The Medical Concept Mapper involves three consecutive phases. In the first phase the concepts are extracted from the given natural language query. The second phase consists of adding synonyms to these terms. Here, the two ontologies are used. WordNet provides synonyms for each term if there is only one synset for that particular term. As such, its power is cut but precision should not suffer. The second ontology is the UMLS Metathesaurus. For each term, the concept to which it belongs is retrieved. All terms representing that particular concept are regarded as synonyms. The third phase consists of mapping semantically related concepts to the original query. For this phase, Concept Space is used to suggest related terms, employing the Semantic Net to limit these terms by means of Deep Semantic Parsing (DSP).
The DSP algorithm itself contains three different steps. In the first step, the context of the original query is established by means of semantic types. The Semantic Net provides these types. The second step limits all concepts suggested by Concept Space based on this query context. The algorithm allows only terms having certain semantic relations and types relevant to the query context. This results in a concept set in which the concepts are semantically related to the initial query. Terms not found in the UMLS are not excluded from the expansion process. That would limit the vocabulary to the Metathesaurus lexicon, which is not a substitute for a complete lexicon . During the last step, all concepts that are retained are re-ordered based on their Concept Space weights, and the most relevant subset is selected.
The ambiguity inherent in the relation between concepts and semantic types is eliminated by using the Semantic Net for limitation, not for expansion. Terms’ being related in Concept Space means that they co-occur frequently. In this case, the chances are very slim that the relation between their semantic types would not be valid. Since the relations can be assumed to be valid, they are used for term limitation. For example if "aspirin" and "headache" are strongly related in a Concept Space, this would be a strong indication that “Aspirin” (Pharmacologic Substance) "treats" (Semantic Relation) “headaches” (Sign or Symptom).
4 User Studies
Thirty real and cancer-related user queries were submitted to the system. The queries came from three sources. The first was a set of more than 1500 queries generated by medical doctors for usage with the UMLS . Medical librarians submitted additional queries via e-mail. Two queries came from the literature . For each query, a set of terms representing concepts of importance related to the query was put together by two expert groups: medical librarians and cancer researchers. As such, there were two Golden Standards for each query. None of the experts had seen the Medical Concept Mapper or any of its output. The results were evaluated by comparing the system’s output with the Golden Standards from the experts. Precision and Recall were calculated based on this comparison.
All queries were submitted in three different ways. First they were submitted in their original state. Second, they were submitted as cleansed queries that had had spelling corrected and unnecessary conversational information omitted. Third, the queries were submitted by means of search terms that represented each query. These terms were extracted directly from the query and were not altered in any way. Both the cleansing of the queries and the selection of relevant search terms were done by a medical expert.

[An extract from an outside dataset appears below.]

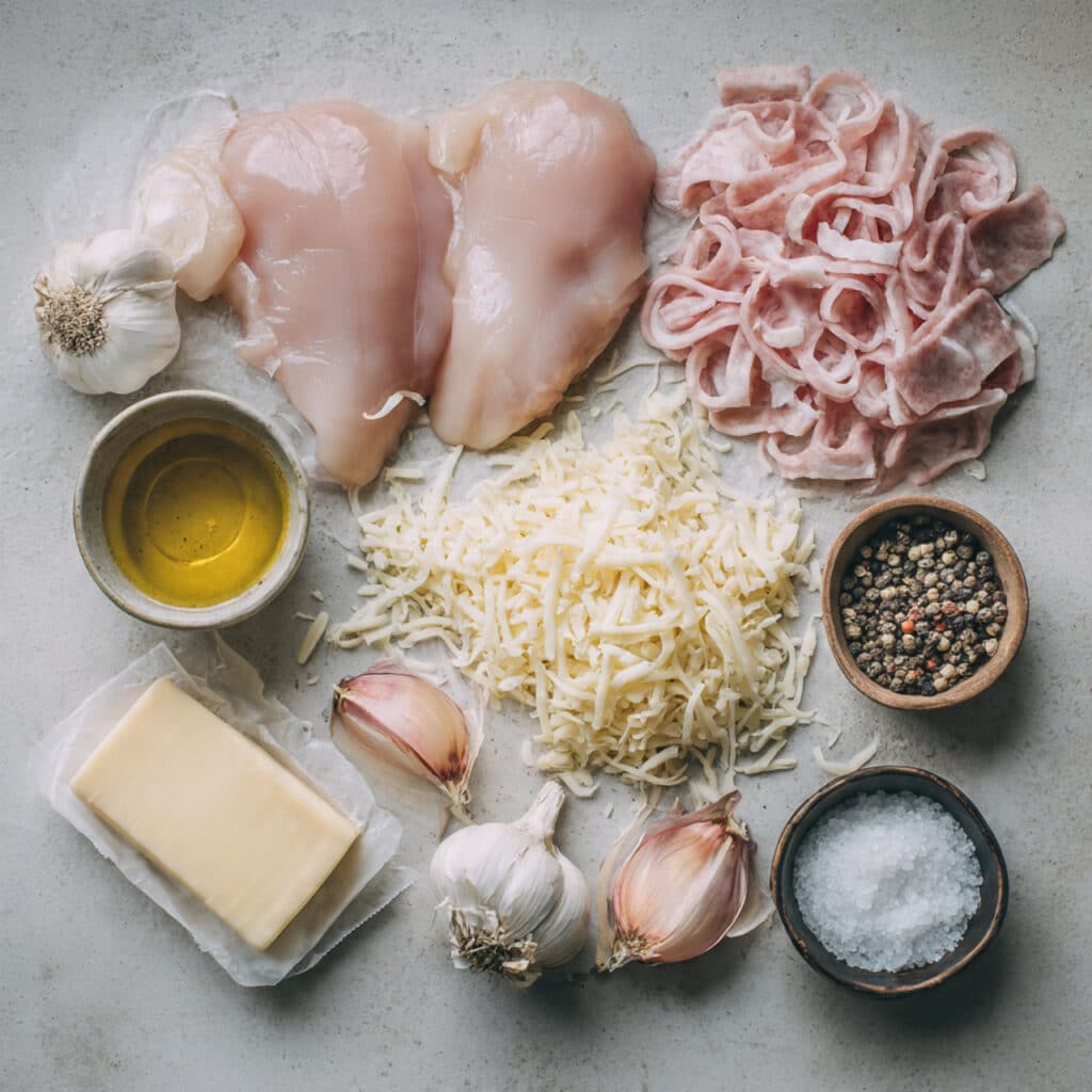 On each flattened chicken fillet, lay 2 slices of ham and a generous handful of shredded mozzarella. Sprinkle with a little garlic, salt, and pepper. - Prepare Your Cooking Vessel:

In the first user study, three sets of synonyms were extracted. The first set consisted of WordNet synonyms added to the search terms. The second set consisted of UMLS synonyms added to the search terms, without any WordNet synonyms. The third set consisted of WordNet synonyms and UMLS synonyms. In this last case, the WordNet synonyms were used as input to find UMLS synonyms.
In the second user study, queries were expanded by attaching semantically related concepts. The best synonym condition (determined in the first experiment) was used as the baseline. Two different expansion methods were tested. The first method employed Concept Space terms directly, without any limitation being imposed by the DSP algorithm. The second method used DSP.
4.2.1 Golden Standard
There was an enormous difference between the two standards. The medical librarians gave long lists of terms, averaging 17.6 terms per query. They included many synonyms and spelling variations. The cancer researchers provided a smaller number of terms, averaging of 6.1 terms per query. They stipulated that any deviation (e.g., plural for a singular term) was not acceptable.
4.2.2 User study 1: Synonyms
All 30 queries were submitted to the system, and the results were compared to the two golden standards. With medical librarians, the conceptual relevance of terms was checked by a medical expert, which meant that small deviations (spelling, punctuation and some more specific synonyms) were acceptable. Using the standard provided by the cancer researchers, the strings had to be an exact match.
A. Medical Librarians’ Standard
Recall improved with expansion. For the Original Queries, recall was 14% with and without additional WordNet synonyms. Recall increased to 25% when the Metathesaurus was used and to 26% when WordNet was used to leverage the Metathesaurus. Similar results were found for the three input methods. Recall also benefited from cleaner input. Term Input resulted in higher recall than Original and Cleansed Queries.
Precision was affect by the input method, but not by expansion. For Original Queries, it was 54% when there was no expansion, 53% when WordNet synonyms were added, 59% when Metathesaurus synonyms were added, and 58% when WordNet was used to leverage the Metathesaurus. Similar results were found for Cleansed Queries and Term Input. Precision was higher for Term Input compared to both Original and Cleansed Queries. For example, when no expansion was done, the precision was 54% for Original Queries, 57% for Cleansed Queries and 92% for Term Input.
B. Cancer Researchers’ Standard
Recall improved with cleaner input. For example when no expansion was done, recall was 22% for Original Queries, 23% for Cleansed Queries, and 31% for Term Input. Expansion had no effect on recall.
Precision dropped when synonyms were added. For Original Queries, precision was 29% when no expansion was done. It was 6% with the Metathesaurus and 5% with both the Metathesaurus and WordNet. Precision was high for Term Input when there was no expansion (59%). It dropped to the same levels as the other input methods when synonyms were added.
4.2.3 User study 2: Semantically Related Concepts
A. Medical Librarians’ Standard
Recall improved with expansion and was not affected by Input Method. For Original Queries, recall was 25% for the baseline (Syns), 30% for Concept Space without DSP, and 30% with DSP.
Precision dropped when no DSP was used in the expansion. For example, for the Original Queries, precision was 59% for the baseline (Syns). When Concept Space terms were added, precision was 46% without and 52% with DSP. Precision was also higher for Term Input. For the baseline (Syns), precision was 59% for Original Queries, 60% for Cleansed Queries and 79% for Term Input.
B. Cancer Researchers’ Standard
Recall benefited from cleaner input but not from expansion. Precision was affected by concept expansion, and by the input method. Precision dropped with expansion. It was somewhat higher for Term Input than for the other two input methods. For example, looking at the baseline (Syns), precision for Term Input was 11%, and 6% for both the Original and Cleansed Queries.
5 Discussion of Results
In general, we can say that we successfully combined human-created ontologies and our computer-generated tools. The Medical Concept Mapper can automatically double the number of useful search terms extracted from queries. It can also suggest related terms with high precision. This is helpful for users interested in using alternative terms in their search.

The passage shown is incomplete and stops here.